在python webapp2中读取excel文件的内容

ghz 11hours ago ⋅ 2 views

I have two files namely sample.csv and sample.xlsx, all those files are stored in blobstore.I am able to read the records of csv file(which is in the blobstore) using the following code

   blobReader = blobstore.BlobReader(blob_key)
   inputFile = BlobIterator(blobReader)
   if inputFile is None:
      values = None
   else:
      try:
         stringReader = csv.reader(inputFile)
         data = []
         columnHeaders = []
         for rowIndex, row in enumerate(stringReader):
            if(rowIndex == 0):
               columnHeaders = row
            else:
               data.append(row)
         values = {'columnHeaders' : columnHeaders, 'data' : data}
      except:
         values = None

      self.response.write(values) 

The output of the above code of a sample.csv file is

{'columnHeaders': ['First Name', 'Last Name', 'Email', 'Mobile'], 'data': [['fx1', 'lx2', 'flx1x2@xxx.com', 'xxx-xxx-xxxx'], ['fy1', 'ly2', 'fly1y2@yyy.com', 'yyy-yyy-yyyy'], ['fz1', 'lz2', 'flz1z2@zzz.com', 'zzz-zzz-zzzz']]}   

Using the xlrd package, i am able to read the excel file contents, but in this i have to specify the exact file location

   book = xlrd.open_workbook('D:/sample.xlsx') 
   first_sheet = book.sheet_by_index(0)
   self.response.write(first_sheet.row_values(0)) 
   cell = first_sheet.cell(0,0) 
   self.response.write(cell.value) 

Is there any way to read the excel file contents from the blobstore, i have tried it with the following code

   blobReader = blobstore.BlobReader(blobKey)
   uploadedFile = BlobIterator(blobReader) 
   book = xlrd.open_workbook(file_contents=uploadedFile)
                    (or)
   book = xlrd.open_workbook(file_contents=blobReader)

But it throws some error TypeError: 'BlobReader' object has no attribute 'getitem'.

Answer

To read an Excel file stored in the blobstore, the issue arises because xlrd.open_workbook() expects a byte-like object or a file path, but you are passing it a BlobReader or an iterator, which is causing the error.

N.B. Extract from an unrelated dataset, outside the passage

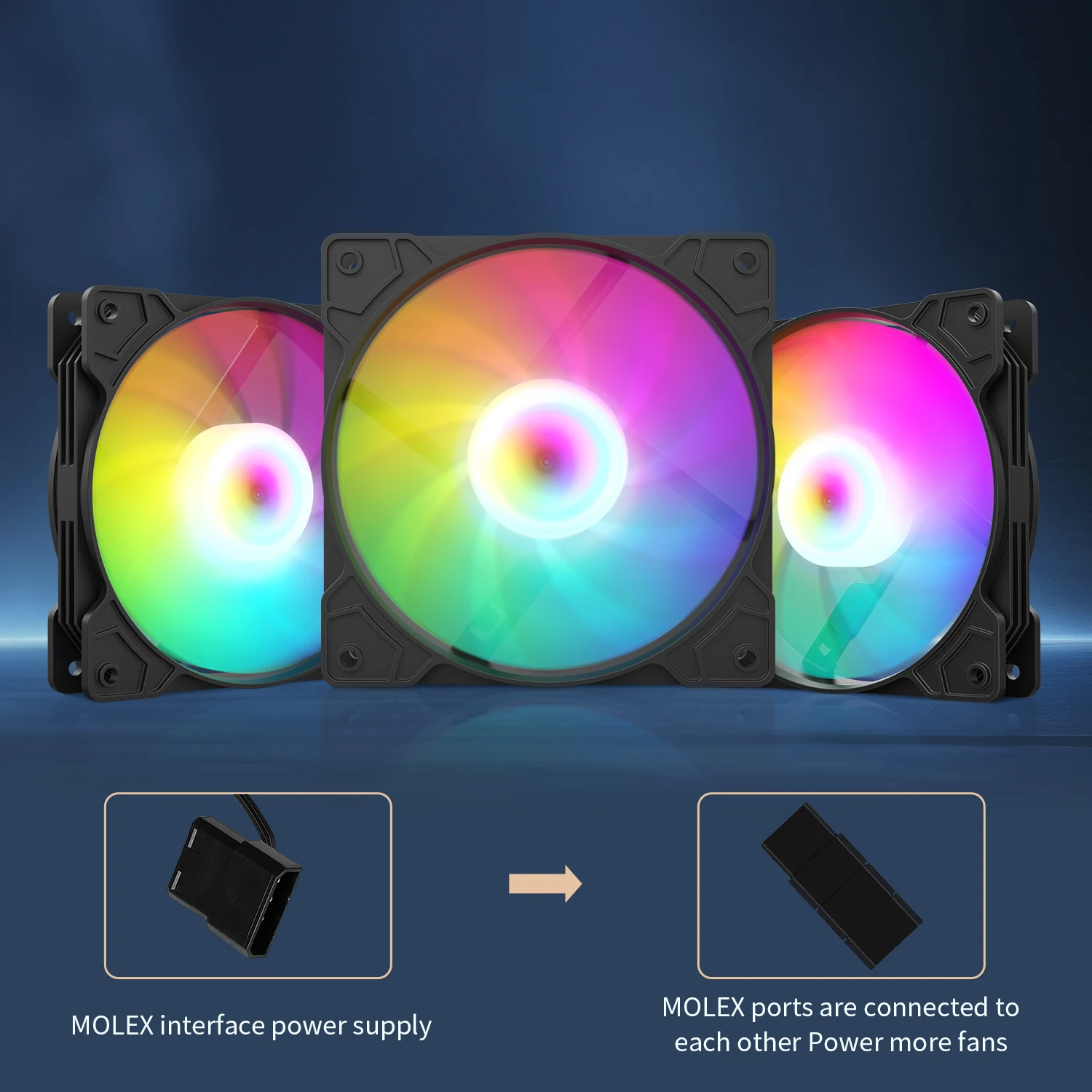 Ruix Casing Fans RX-134 PC Case Fan 120mm Gabinete Fans Fixed RGB Gaming 12V Molex Computer Gamer Cooling Ventilador

You need to make sure that the content of the Excel file is read as a byte stream, not as an iterator, and then pass it to xlrd.open_workbook().

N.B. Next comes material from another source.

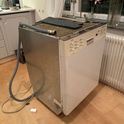Diskmaskin med vit front. Passar för inbyggnad under köksbänk. Lätt defekt, men kan säkert lösas av den händige, ger error på alla program utom snabbprogrammet! Snabbprogrammet fungerar!
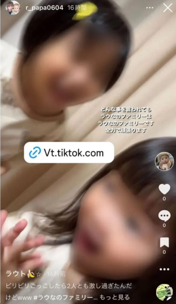 1: ギャラガー ★ 2024/07/12(金) 20:31:11.39 ID:??? TID:gallagher 三人の子供と夫婦の日常を動画で伝える、チャンネル登録者数約5.8万人のYouTuber・ラウなのファミリー。炎上の発端は5月24日にアップした動画だった。2歳の長女が炎天下の車内に閉じ込め...

Here's how you can modify your code to read the Excel file directly from the blobstore:

Solution:

You can use the BlobReader to read the file content into a byte object and then pass that byte object to xlrd.open_workbook().

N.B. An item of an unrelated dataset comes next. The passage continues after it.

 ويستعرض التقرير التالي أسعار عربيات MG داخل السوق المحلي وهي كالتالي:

Here’s an updated version of your code:

import xlrd
from google.appengine.api import blobstore

def read_excel_from_blob(blob_key):
    try:
        # Open the blob from the blobstore
        blob_reader = blobstore.BlobReader(blob_key)
        
        # Read the file content into a byte string
        file_contents = blob_reader.read()
        
        # Now pass the byte string to xlrd to open the Excel file
        book = xlrd.open_workbook(file_contents=file_contents)
        
        # Read the first sheet
        first_sheet = book.sheet_by_index(0)
        
        # Example: Get the first row values
        row_values = first_sheet.row_values(0)
        
        # Example: Get the value of a specific cell
        cell_value = first_sheet.cell(0, 0).value
        
        # Return or process the data
        return {
            'row_values': row_values,
            'cell_value': cell_value
        }
    except Exception as e:
        # Handle any errors
        return {'error': str(e)}

# Example usage
blob_key = "your_blob_key_here"
result = read_excel_from_blob(blob_key)
print(result)

Key Changes:

  1. Reading the Blob Content: blob_reader.read() reads the entire content of the blob and returns it as a byte string. This is what xlrd.open_workbook() expects.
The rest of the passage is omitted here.